The office was weird. Nobody could deny that. No talking. Clean desk at all times. Literally, I had to spray and wipe it down. Rigid timekeeping. And a boss who would shout like hell for literally no reason at some people, while petting others. I felt desperately sorry for my American colleague who was bullied by our boss relentlessly. When you have someone like that in charge, it makes it very difficult ask questions.
Regulation and transparency urgently needed
Since the 2008 financial crisis, there’s been a great push for transparency in global banks and wealth managers. With mixed results. But regulators have been onto them, and that’s an important step. Compliance has increased so much that the department is sometimes the largest in the whole bank. But that same vigour hasn’t really applied to the opaque world of family offices, trusts, and niche private equity.
These are firms that are raking in incredible sums of cash. One report shows that my old office charged £30,000 in “administrative” fees. With the sheer quantity of companies incorporated, they must’ve been making hundreds of thousands every day. (By the way, my salary was 65,000 Swiss Francs a year. Around £40,000 at the time. Less than two companies’ worth. I know that other colleagues were paid quite a lot less. Maybe because I’m British it added something to their image? My boss sometimes showed off to clients that I’m English, even though I’m Welsh).
Were we being used?
Something I think is quite important to note is that none of us in the scary-but-boring firm (as I recall) undertook any basic AML or Compliance tests. We just started work. That couldn’t be more different from the big banks.

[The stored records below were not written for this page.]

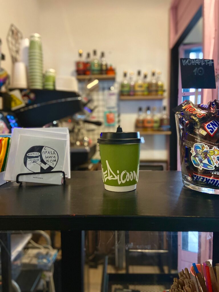 Недавно мне посчастливилось посетить кофейню "Jedi Coon", и я сразу поняла, почему она пользуется такой популярностью среди местных жителей. Уже с порога кофейня впечатляет своим оригинальным интерьером. В дизайне зала можно заметить забавные декоративные элементы, связанные с вселенной "Звёздных войн", что моментально поднимает настроение. Персонал заслуживает особой похвалы. Бариста здесь настоящие энтузиасты, увлечённые своей работой. Они вежливы, приветливы и всегда готовы помочь с выбором напитка. Особенно впечатлил Вадим. Девочки, обратите внимание, просто душка. Меню кофейни приятно радует разнообразием. Здесь можно найти и классические кофейные напитки, приготовленные на высшем уровне, и необычные авторские вариации. Спасибо создателям этого заведения! Это прост волшебное место от души рекомендую!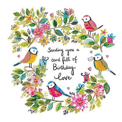 Wreath Of Coloured Birds Birthday Card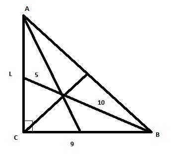 Так как медианы пересекаються, тогда о теореме они деляться в соотношении 2/1. Отсюда так как OB=10, тогда OL=10/2=5см. Из треугольника BCL (∠BCL=90°) За т.Пифагора: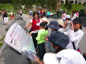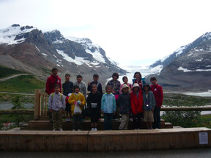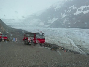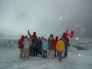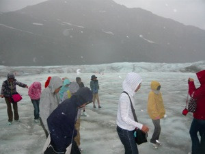 昼食後、カナディアンロッキー観光の目玉である「コロンビア大氷原」に行きました。氷河のでき方、湖の色についてなどたくさんおはなしをききました。
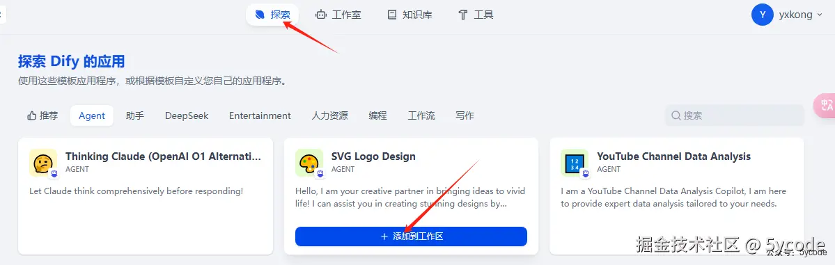 在这个模块里,dify给我们内置了一些应用模板,以降低我们的学习使用成本。按照分类已经帮我们罗列好了,我们可以点击对应的分类查询,看中哪个鼠标放上去,点击添加到工作居即可。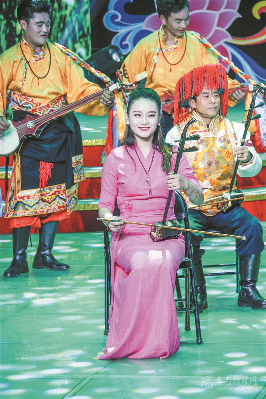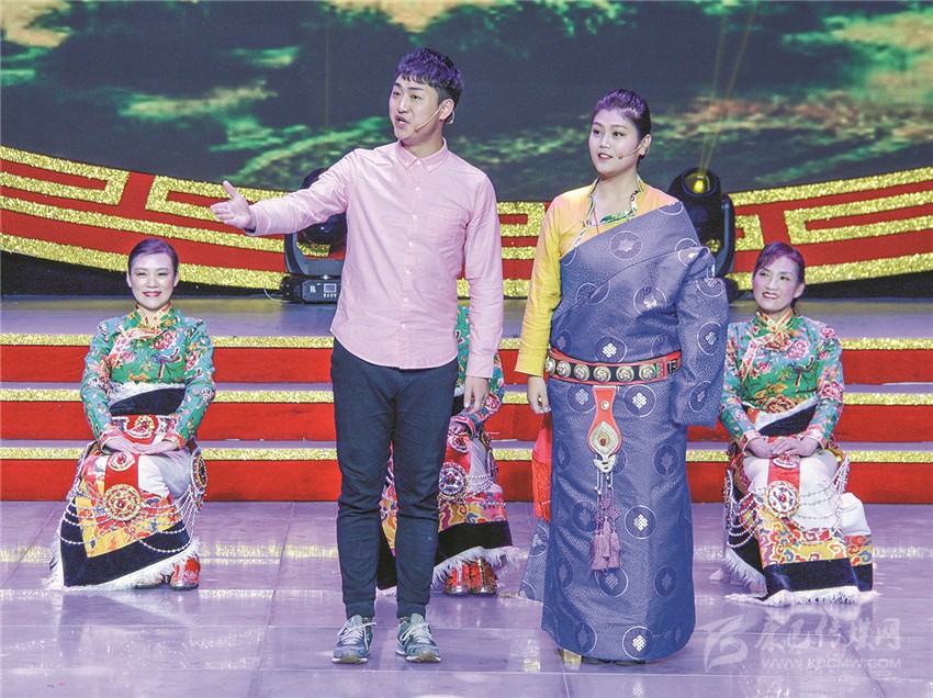 歌曲聯(lián)唱《百花爭艷》,是演出中第一個讓觀眾們大呼過癮的節(jié)目,年僅5歲的澤仁拉姆用一首藏族原生態(tài)歌曲《故鄉(xiāng)》,讓全場觀眾耳目一新。緊隨而來的藏族山歌《家鄉(xiāng)美》、漢族歌曲《和諧大家園》、回族歌曲《花兒與少年》、彝族歌曲《 尼雨尼杰》將音樂的魅力逐級顯現(xiàn),最后在經(jīng)典歌曲《愛我中華》中急速升華。6首歌曲風格各異,卻又一氣呵成,不僅集中展示了我州藏、漢、回、彝四個民族的藝術風采,還生動展現(xiàn)了我州各族人民其樂融融、團結(jié)進步的和諧面貌。

On day one we were already making shelf companies. Like a little factory. I don’t think that any of us had any qualifications in finance either. I certainly didn’t. Nor my bestie. I’d freshly graduated with a law degree from Exeter, and was new to Zurich. And I remember that I was one of the only degree-holders. I don’t think any of us really knew much about the complex underbelly of shelf companies or what to look out for around money laundering.
A lot of us were also all young women (and all of us were women). I was 22. So was my bestie. Young, clueless and eager to please our volatile boss. Truth be told, today I feel a bit tricked about the work I did. I feel used. Because if I had really understood what was going on, I would never have taken that job. It’s a disturbing way to make a career. I believe that I was paid in dirty money and it makes me feel quite sick.
Maybe it’s time that people in the industry took a stand. I wish I had. Maybe I still can now. My days there ended after I got fired within three months for being a bad fit.
If my old bosses are reading this now, I still think you’re a pair of dickheads.